**** Records for the exercise

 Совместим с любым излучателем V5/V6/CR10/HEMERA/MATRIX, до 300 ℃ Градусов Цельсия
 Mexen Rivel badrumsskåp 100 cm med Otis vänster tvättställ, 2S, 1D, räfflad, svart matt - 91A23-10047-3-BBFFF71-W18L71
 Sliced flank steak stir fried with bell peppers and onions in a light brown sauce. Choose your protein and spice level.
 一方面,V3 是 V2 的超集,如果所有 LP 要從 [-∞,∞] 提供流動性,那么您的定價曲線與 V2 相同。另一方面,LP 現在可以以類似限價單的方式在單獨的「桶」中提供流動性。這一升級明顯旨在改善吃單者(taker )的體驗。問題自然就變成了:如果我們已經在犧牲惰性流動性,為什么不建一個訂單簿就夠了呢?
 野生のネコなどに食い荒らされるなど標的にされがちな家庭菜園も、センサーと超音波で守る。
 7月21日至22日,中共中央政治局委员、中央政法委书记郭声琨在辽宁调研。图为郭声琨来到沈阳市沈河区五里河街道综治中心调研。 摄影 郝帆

********
**** Records for the exercise

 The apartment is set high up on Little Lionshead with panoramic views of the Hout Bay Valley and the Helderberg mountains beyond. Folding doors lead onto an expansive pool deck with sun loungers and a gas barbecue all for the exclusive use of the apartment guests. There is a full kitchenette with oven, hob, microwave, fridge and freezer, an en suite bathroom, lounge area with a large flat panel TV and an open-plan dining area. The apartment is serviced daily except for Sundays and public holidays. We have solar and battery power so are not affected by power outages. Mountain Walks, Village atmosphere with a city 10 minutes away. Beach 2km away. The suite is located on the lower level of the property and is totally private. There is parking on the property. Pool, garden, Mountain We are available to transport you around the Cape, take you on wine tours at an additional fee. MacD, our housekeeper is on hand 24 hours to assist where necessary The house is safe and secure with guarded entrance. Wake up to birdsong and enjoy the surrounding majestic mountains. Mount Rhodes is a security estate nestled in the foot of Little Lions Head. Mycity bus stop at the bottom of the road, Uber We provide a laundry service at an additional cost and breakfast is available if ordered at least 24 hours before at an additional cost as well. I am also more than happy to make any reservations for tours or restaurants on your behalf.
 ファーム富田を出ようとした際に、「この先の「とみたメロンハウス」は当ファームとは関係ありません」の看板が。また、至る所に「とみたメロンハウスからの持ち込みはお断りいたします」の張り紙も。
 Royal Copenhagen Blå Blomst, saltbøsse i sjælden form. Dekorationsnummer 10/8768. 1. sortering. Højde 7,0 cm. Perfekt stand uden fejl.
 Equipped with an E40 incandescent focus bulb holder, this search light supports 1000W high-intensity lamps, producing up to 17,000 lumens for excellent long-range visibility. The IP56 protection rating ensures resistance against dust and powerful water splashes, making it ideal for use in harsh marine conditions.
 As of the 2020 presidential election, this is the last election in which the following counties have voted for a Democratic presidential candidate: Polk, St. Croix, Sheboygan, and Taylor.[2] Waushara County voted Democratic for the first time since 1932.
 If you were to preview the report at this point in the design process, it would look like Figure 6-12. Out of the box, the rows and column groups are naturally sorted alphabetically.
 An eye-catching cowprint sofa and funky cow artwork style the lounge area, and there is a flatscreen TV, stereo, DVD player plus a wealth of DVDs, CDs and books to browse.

********
**** Records for the exercise

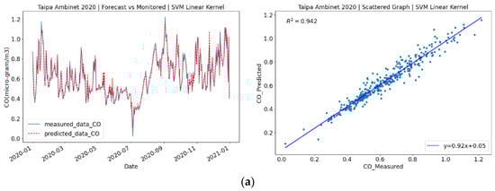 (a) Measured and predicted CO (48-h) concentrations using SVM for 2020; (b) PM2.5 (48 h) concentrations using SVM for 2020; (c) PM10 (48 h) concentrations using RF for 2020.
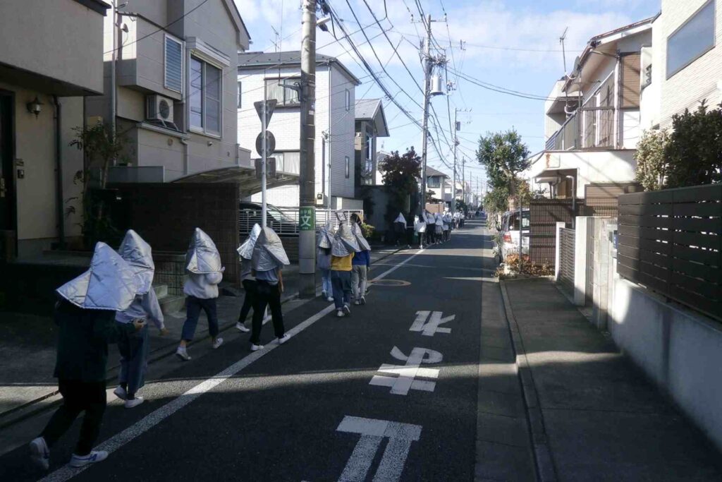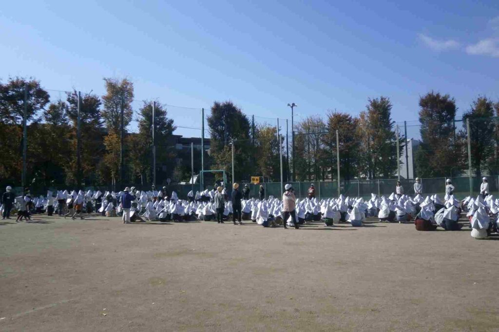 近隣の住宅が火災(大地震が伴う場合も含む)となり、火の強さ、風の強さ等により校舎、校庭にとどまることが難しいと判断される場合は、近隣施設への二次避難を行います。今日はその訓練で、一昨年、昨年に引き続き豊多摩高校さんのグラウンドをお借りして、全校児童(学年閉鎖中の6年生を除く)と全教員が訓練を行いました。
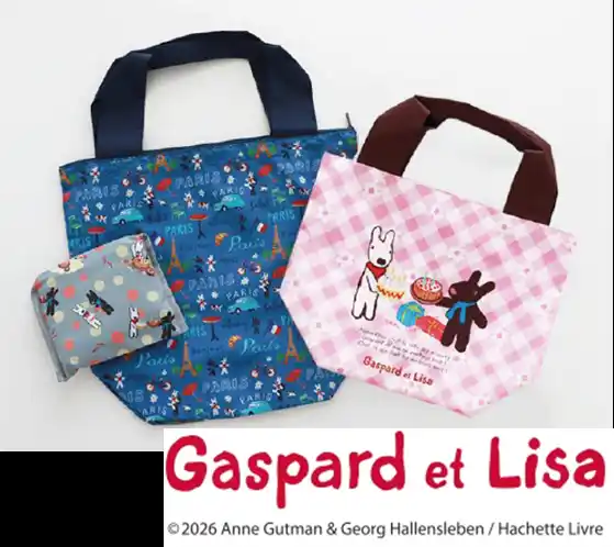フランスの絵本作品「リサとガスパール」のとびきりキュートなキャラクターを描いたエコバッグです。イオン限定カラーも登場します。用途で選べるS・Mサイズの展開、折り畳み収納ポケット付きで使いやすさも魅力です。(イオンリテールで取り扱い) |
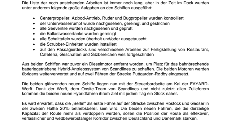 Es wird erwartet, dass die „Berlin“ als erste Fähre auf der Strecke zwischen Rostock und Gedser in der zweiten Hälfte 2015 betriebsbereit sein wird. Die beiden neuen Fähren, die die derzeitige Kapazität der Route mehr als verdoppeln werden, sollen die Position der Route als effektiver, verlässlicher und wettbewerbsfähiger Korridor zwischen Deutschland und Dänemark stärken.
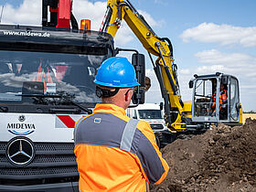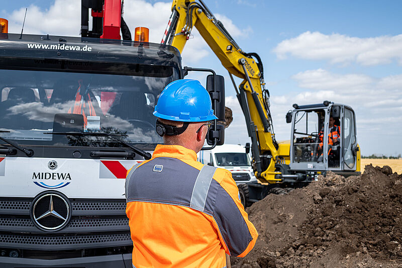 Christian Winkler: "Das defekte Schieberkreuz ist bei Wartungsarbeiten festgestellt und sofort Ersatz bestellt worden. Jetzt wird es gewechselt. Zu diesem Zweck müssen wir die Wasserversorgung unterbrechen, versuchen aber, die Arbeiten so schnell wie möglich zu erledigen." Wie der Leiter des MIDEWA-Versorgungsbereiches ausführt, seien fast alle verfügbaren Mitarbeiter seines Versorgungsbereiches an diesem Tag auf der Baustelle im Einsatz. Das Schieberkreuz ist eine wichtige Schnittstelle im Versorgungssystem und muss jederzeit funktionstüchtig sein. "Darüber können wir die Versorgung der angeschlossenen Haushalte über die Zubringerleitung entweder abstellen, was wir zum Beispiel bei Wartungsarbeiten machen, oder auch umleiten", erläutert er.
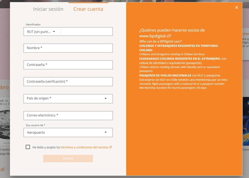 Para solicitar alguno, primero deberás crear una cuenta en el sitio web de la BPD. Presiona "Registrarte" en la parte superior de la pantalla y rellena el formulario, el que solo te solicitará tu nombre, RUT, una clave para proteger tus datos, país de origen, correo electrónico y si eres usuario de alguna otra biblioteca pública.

********

▶ [Assigned task] Line count for "light": determine it from the data and answer with the number by itself.

▶ [Task response] 2